ACTIVITY – Although the data below holds other lines too, output only those from the line with "Silver plate condiment" up to and including the line with "간단한 커플 젊고 중년", exactly as they appear.

THE DATA –
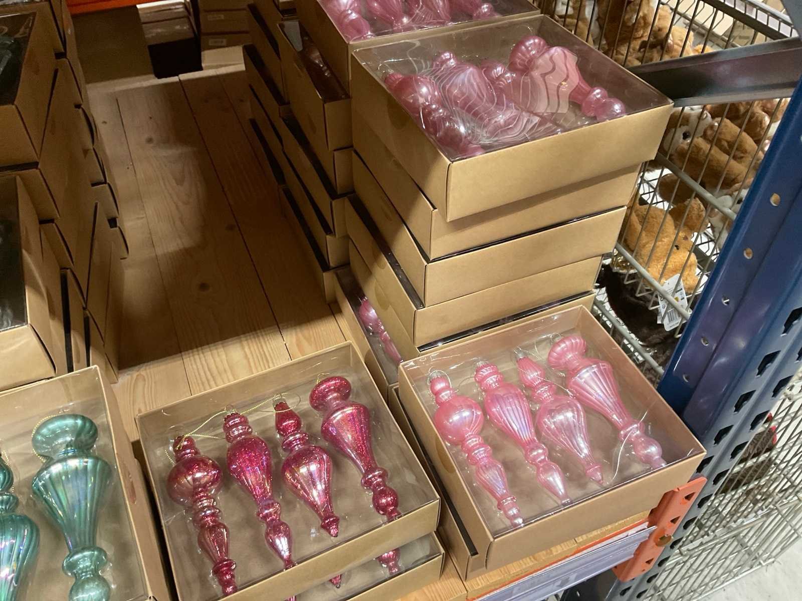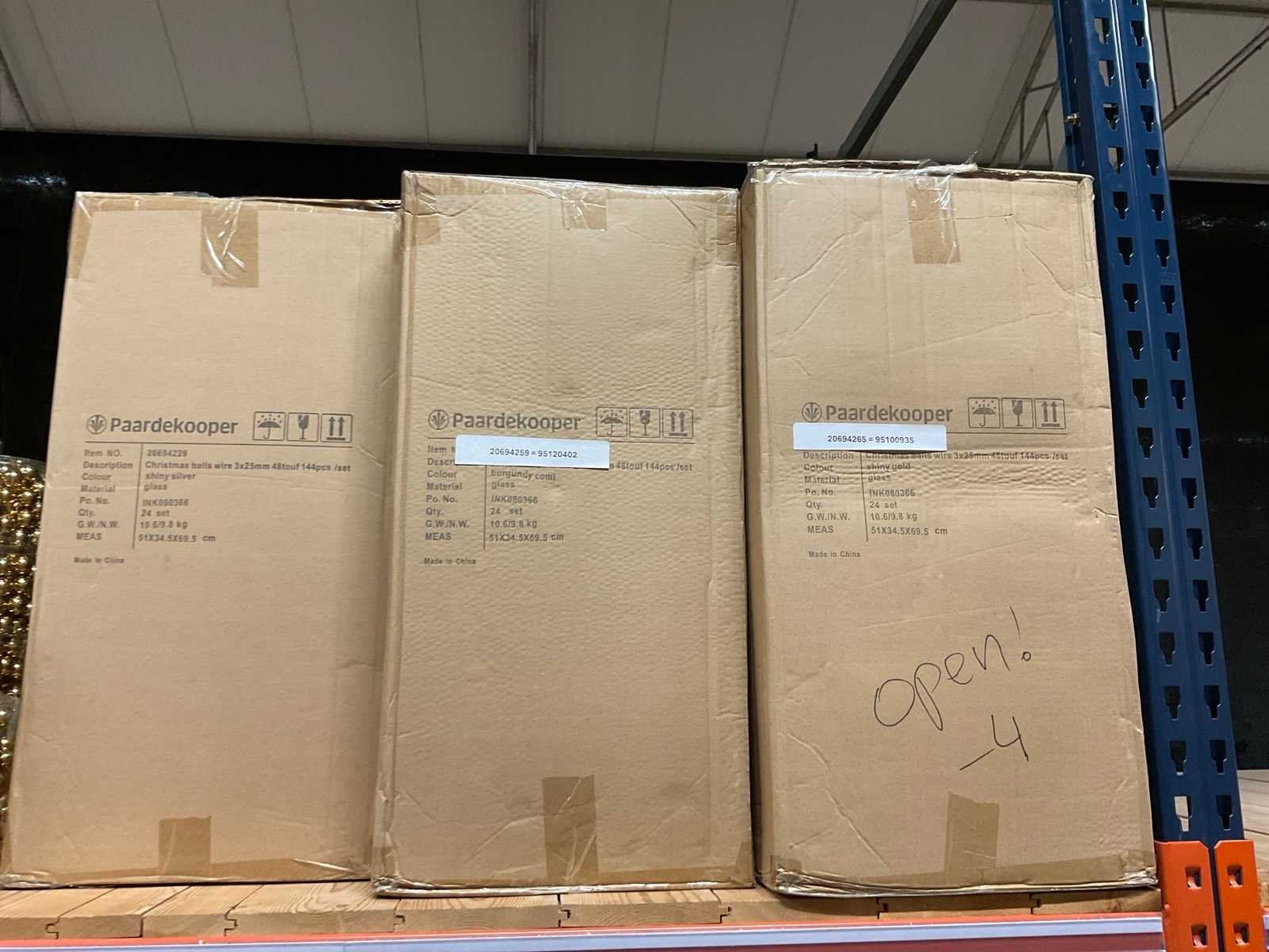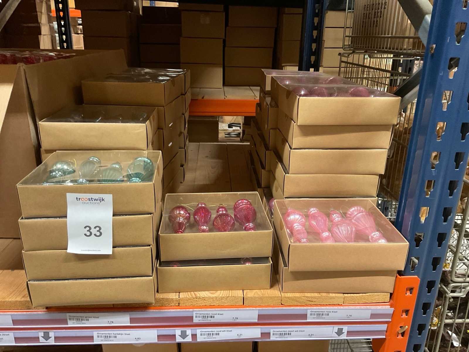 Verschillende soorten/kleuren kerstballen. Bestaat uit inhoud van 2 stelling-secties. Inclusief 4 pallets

--

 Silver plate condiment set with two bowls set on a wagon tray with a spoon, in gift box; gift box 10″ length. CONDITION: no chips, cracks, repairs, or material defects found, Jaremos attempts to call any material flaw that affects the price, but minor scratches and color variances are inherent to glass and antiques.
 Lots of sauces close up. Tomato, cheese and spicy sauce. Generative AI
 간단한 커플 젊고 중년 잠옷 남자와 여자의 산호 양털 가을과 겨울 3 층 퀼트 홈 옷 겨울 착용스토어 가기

RESULT –
 Silver plate condiment set with two bowls set on a wagon tray with a spoon, in gift box; gift box 10″ length. CONDITION: no chips, cracks, repairs, or material defects found, Jaremos attempts to call any material flaw that affects the price, but minor scratches and color variances are inherent to glass and antiques.
 Lots of sauces close up. Tomato, cheese and spicy sauce. Generative AI
 간단한 커플 젊고 중년 잠옷 남자와 여자의 산호 양털 가을과 겨울 3 층 퀼트 홈 옷 겨울 착용스토어 가기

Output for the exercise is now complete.